TriSense | Zinuo Li

TriSense is a novel multimodal large language model designed to understand audio-visual-speech moments in videos. This project represents a significant advancement in multimodal AI, combining visual, audio, and speech modalities for comprehensive video understanding.

Key Features

Multimodal Integration: Seamlessly combines visual, audio, and speech information
Temporal Understanding: Captures temporal relationships across different modalities
Real-world Applications: Designed for practical video understanding tasks

Technical Approach

Our approach leverages the latest advances in large language models and extends them to handle multimodal inputs. The key innovations include:

Unified Multimodal Architecture: A single model that can process and reason across visual, audio, and speech modalities
Attention Mechanisms: Specialized attention mechanisms for cross-modal understanding
Temporal Modeling: Advanced techniques for capturing temporal dependencies in video sequences

Results

TriSense demonstrates strong performance on various multimodal benchmarks and shows promising results for real-world applications.

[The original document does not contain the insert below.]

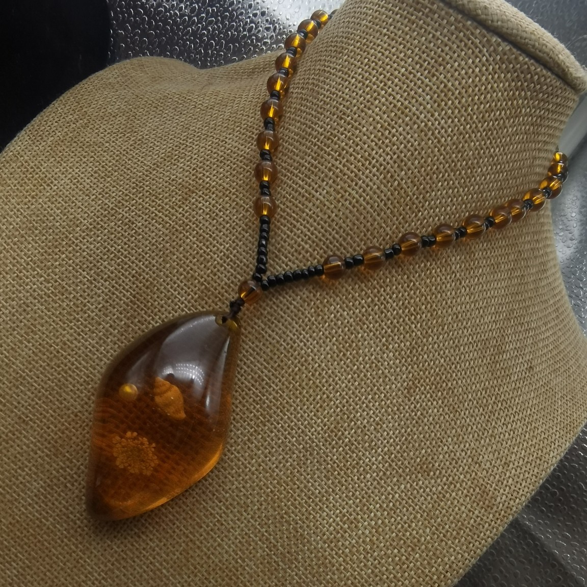 LA097可发样/地摊货源景区礼品琥珀项链天然复古长款毛衣链批发水晶国潮风

The model achieves state-of-the-art performance on several video understanding tasks.

Publication

This work has been accepted to NeurIPS 2025, one of the top venues in machine learning and artificial intelligence.

Citation:

Li, Z., Ke, Q., Bennamoun, M., & Boussaid, F. (2025). 
Watch and Listen: Understanding Audio-Visual-Speech Moments with Multimodal LLM. 
Advances in Neural Information Processing Systems.